Safe Space

What do you think of once you see the title ‘Safe Space’?

A safe space is safe as long as people within that space respects those who are within that space. Whether they agree to disagree, ask for better understanding or acknowledge that there is difference in who we are.

My classroom, I have noticed, is often a safe space for students. I tend to have different kinds of people; whether they be people of color, LGBT, a person with disability or bilingual. I attended a professional development presentation on campus where I realized that I tend to not send students of color outside of my classroom for the slightest thing.

While my classroom is a safe space for students, it is not one for me. How can a classroom not be a safe space for someone like me?

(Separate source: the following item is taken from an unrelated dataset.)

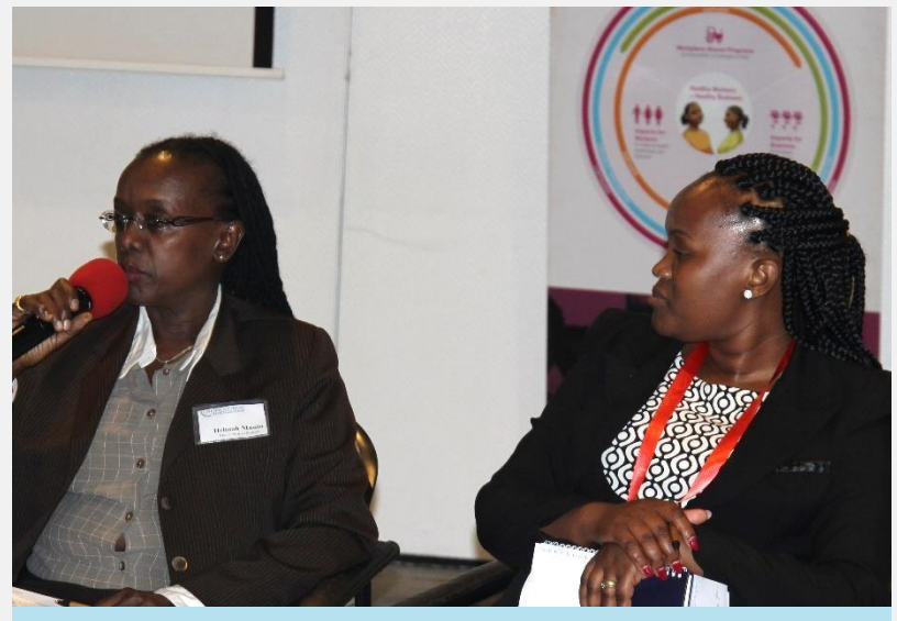
MSK and Magana Flowers discussing workplace women's health at 2019 UNF Nairobi Meeting

At a 2019 meeting in Nairobi hosted by the United Nations Foundation, several companies shared why have begun investing in workplace women's health and empowerment programs<sup>xxxvii</sup>. Gacharage Tea Factory provided health information and services to workers and found increased productivity, and increased quality of their product, which in turn increased the incomes generated when selling the product. They also saw increased voluntary medical visits by farmers and observed an interesting trickle-down

SafeSpaceIntersectionality

Created by me…

I teach American Sign Language and I am deaf. Naturally, I do struggle with students speaking in the classroom where I practice 90% or more use of target language with pictorial and written English supplemental information. One thing that has been constant, students thinking that I cannot tell if they are speaking (there are some exceptions…) or I am faking my own deafness (vibrations!).

I deal with a wide range of people who hear on a daily basis, approximately 80% of my time. It can get tiring and frustrating, at the same time excited, especially when someone tries to sign back or efficient communication.

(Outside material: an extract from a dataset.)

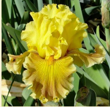
Seedling Sly Fox Cross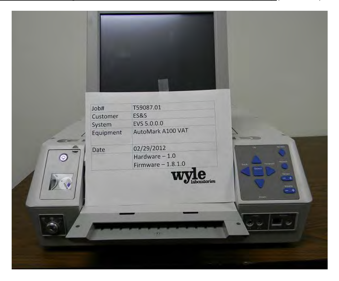
Photograph No. 4: AutoMARK<sup>TM</sup> A100 VAT

Electronic Ballot Marking Device: AutoMARK<sup>TM</sup> Voter Assist Terminal (VAT) (Continued)

I consider my classroom my own personal safe space where I can teach students about ASL, Deaf culture and the people who live within this community. Yet one thing that could make a personal difference within this space that can be transferred out to the real world…is the consistent use of spoken English.

This includes signing and speaking at the same time, which is deteremental to the ability to understand ASL, especially when it is signed. Like learning any language and I can share this from my personal experience learning French, it is not enough just knowing vocabulary and grammar, it is the ability to be able to converse in the language one is learning – at any level.

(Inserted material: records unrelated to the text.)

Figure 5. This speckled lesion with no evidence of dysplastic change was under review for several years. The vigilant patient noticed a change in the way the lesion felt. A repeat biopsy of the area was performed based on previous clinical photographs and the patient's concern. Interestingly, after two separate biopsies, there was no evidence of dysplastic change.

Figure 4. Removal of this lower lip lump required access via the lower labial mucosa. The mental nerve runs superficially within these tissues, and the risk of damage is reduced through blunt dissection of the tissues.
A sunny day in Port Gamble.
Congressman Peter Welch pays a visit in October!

When a simple policy of not speaking English but signing or using other communication method is established, there is a reason for that – language wise; human wise or for real world application.  Is it a wonder that my safe space is also threatened?  How can I encourage consistent safe space for my students?

I wonder if it is the same for those who are like a fish out of water – marginalized and minority people teaching in majority population locations.